Following the workshop, the chapters included in a peer-reviewed book edited by D T Pham and N Hartono
If you have further queries, please contact Natalia at this email address:
Important Dates:
Manuscript Submission opens: 01 April 2025
Submission deadline: 10 October 2025
Presentation: 12 - 13 Nov 2025
Keynote Speakers:
Prof. Adil Baykasoğlu
Dokuz Eylül University, Türkiye
Adil Baykasoğlu received his B.Sc., M.Sc. and Ph.D. degrees from Mechanical & Industrial Engineering areas in Turkey (Gaziantep) and United Kingdom (Nottingham). He is presently a full Professor at the Industrial Engineering Department at the Dokuz Eylül University. He has organized many academic conferences, published numerous academic papers, three books and organized/edited several conference books on operational research, computational intelligence, engineering management, and manufacturing systems design. He is an active editor and editorial board member for many scientific journals. He is also an active member of many academic and professional institutions including the International Society of Agile Manufacturing, Turkish Chamber of Mechanical Engineers, Turkish Operational Research Association, etc. He has received awards from Turkish Academy of Sciences (TUBA), Scientific and Technological Research Council of Türkiye (TUBITAK), Middle East Technical University (METU), and several other institutions for his scientific contributions. ORCID: 0000-0002-4952-7239, Web: https://web.deu.edu.tr/baykasoglu
Metaheuristics Revisited: Challenges, Innovations and Future Trajectories
Metaheuristics are versatile, stochastic search algorithms that operate independently of specific problem domains and have demonstrated success across a wide range of scientific disciplines. Their widespread application has contributed to the development of more than 250 algorithms in the literature, often introduced under the premise of being innovative, high-performing, or promising. However, this proliferation has also sparked substantial criticism within the research community. Common concerns include the lack of genuine novelty, many metaheuristic algorithms exhibit structurally similar frameworks; inadequate empirical validation, which may conceal limited practical effectiveness; and the reliance on metaphor-driven nomenclature that often lacks alignment with established optimization theory.

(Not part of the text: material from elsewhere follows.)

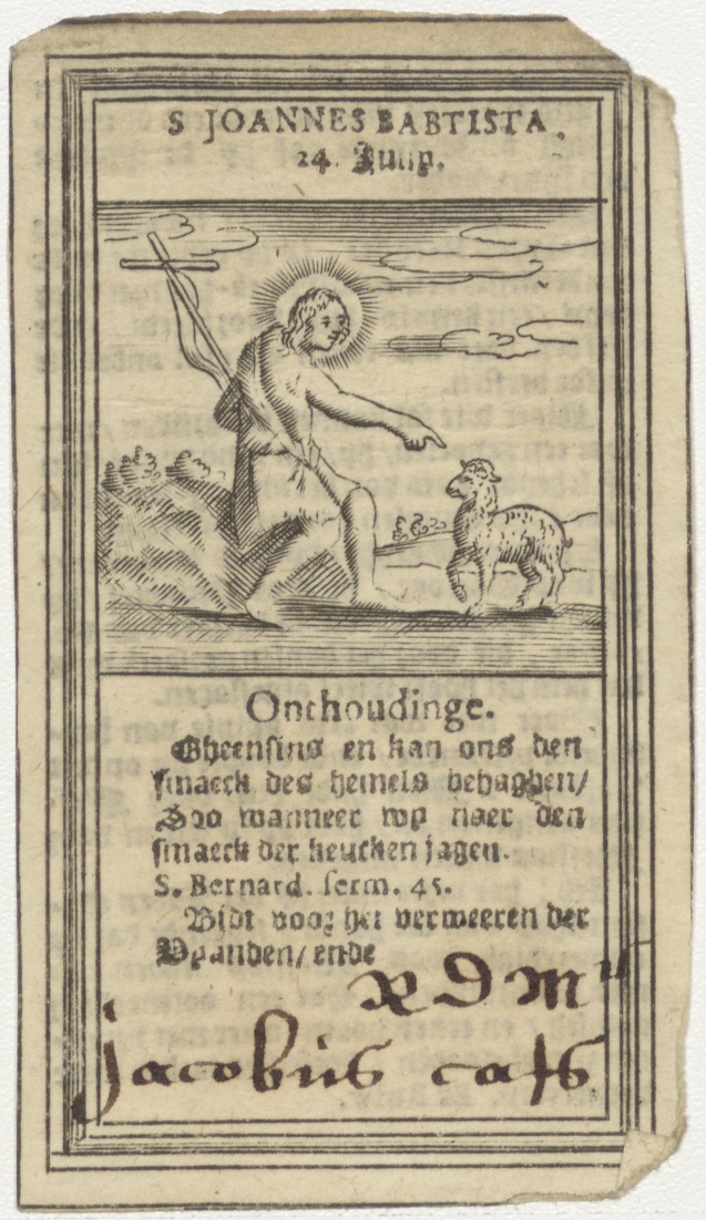 H. Joannes (Johannes) Babtista (Baptista), naamfeest (24 augustus), gebed, ingekleurd, kz. gebed(?);

Despite these critiques, there remains a persistent tendency among researchers to draw inspiration from new natural phenomena rather than focus on advancing the theoretical foundations of optimization or improving existing metaheuristic frameworks. This inclination may, in part, be influenced by the No Free Lunch Theorem, which asserts that all metaheuristics perform equivalently when averaged across all possible problems. Consequently, the theorem may unintentionally incentivize the continual development of novel algorithms aimed at outperforming others in specific problem instances.

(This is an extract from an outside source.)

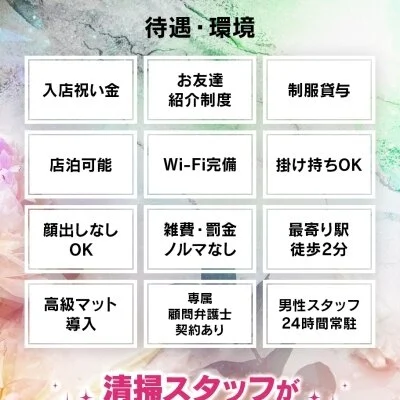 未経験の女の子でも安心してお仕事して頂けるように、充実したサポート体制を整えております♪
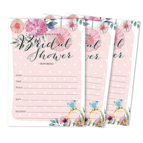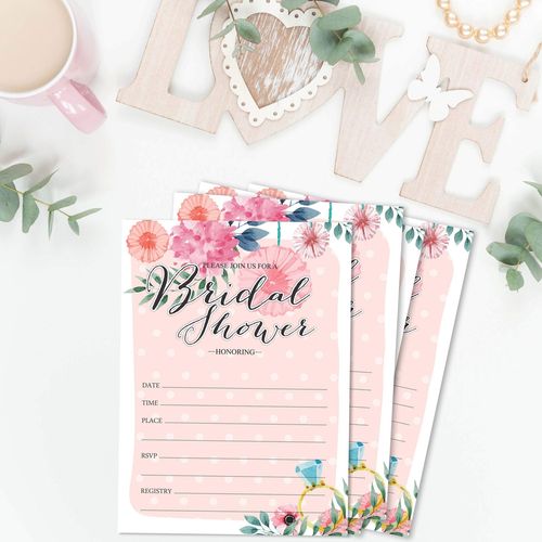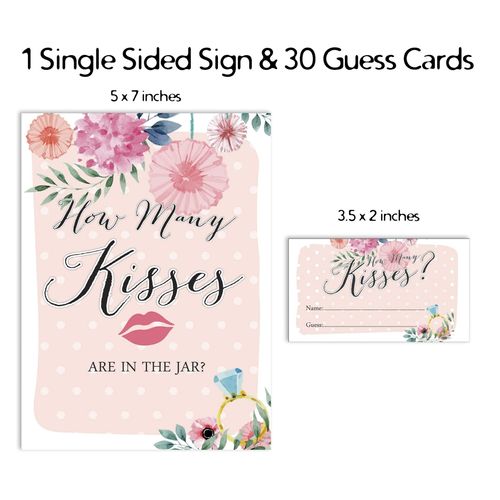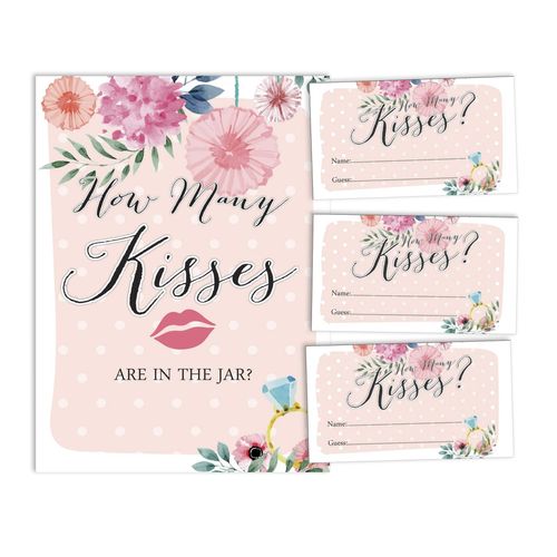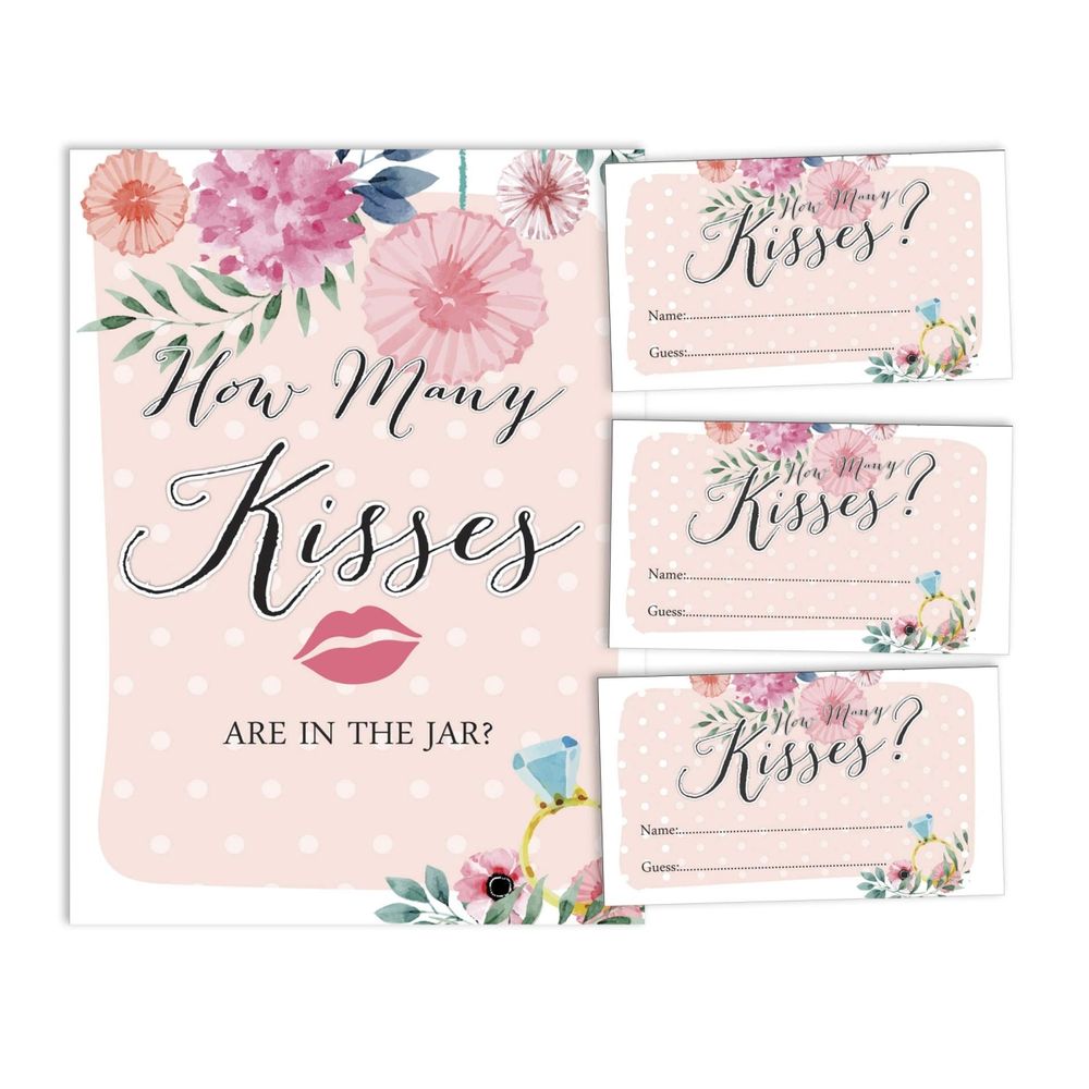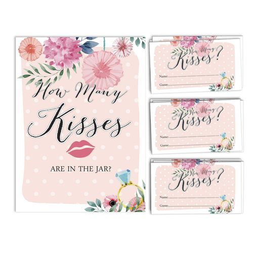 Cartões Florais Quadrados em Branco para Preencher Ideias de Presente para Chá de Noiva e Despedida de Solteira, Pacote com 50 - Inkdotpot 8,89 Cm × 5,08 Cm / Branco - Quantos Beijos?

Nevertheless, significant opportunities remain to strengthen and refine existing metaheuristic methods including Bees Algorithm and others. Areas of high potential include the design of intelligent step-size adaptation strategies, enhanced search direction mechanisms, robust constraint-handling techniques, and effective encoding schemes for complex discrete optimization problems. Further research is also needed in the domains of stochastic and fuzzy optimization, dynamic optimization, hybridization with machine learning algorithms, efficient memory utilization and the parallelization of population-based methods. Finally, the integration of metaheuristics with mathematical programming techniques presents a promising avenue for advancing both the theoretical and practical capabilities of optimization approaches.
Prof. Dr. Mete Kalyoncu
Konya Technical University, Türkiye
Prof. Dr. Mete KALYONCU is a faculty member in the Department of Mechanical Engineering at Konya Technical University. His research spans mechanical vibrations, system dynamics, mechanism design, control systems, robotics, and artificial intelligence-based optimization methods. He earned his Ph.D. in Mechanical Engineering from Selçuk University in 1998 and later completed postdoctoral research at Cardiff University, UK.
Prof. KALYONCU has published extensively in national and international journals, supervised numerous graduate theses, and led or contributed to more than 50 publicly funded R&D projects. He served on the board of TÜBİTAK TEYDEB MAKITEG, where he evaluated over 1,200 industrial R&D proposals, and has advised several companies in establishing R&D centres.
In addition to his academic and industrial contributions, Prof. KALYONCU has played a leading role in the Chamber of Mechanical Engineers (TMMOB), serving multiple terms as Chair of the Konya Branch. Through organizing technical events and editing reference publications, he has significantly advanced the profession. His career reflects a strong integration of academic research, industrial innovation, and professional service in mechanical engineering.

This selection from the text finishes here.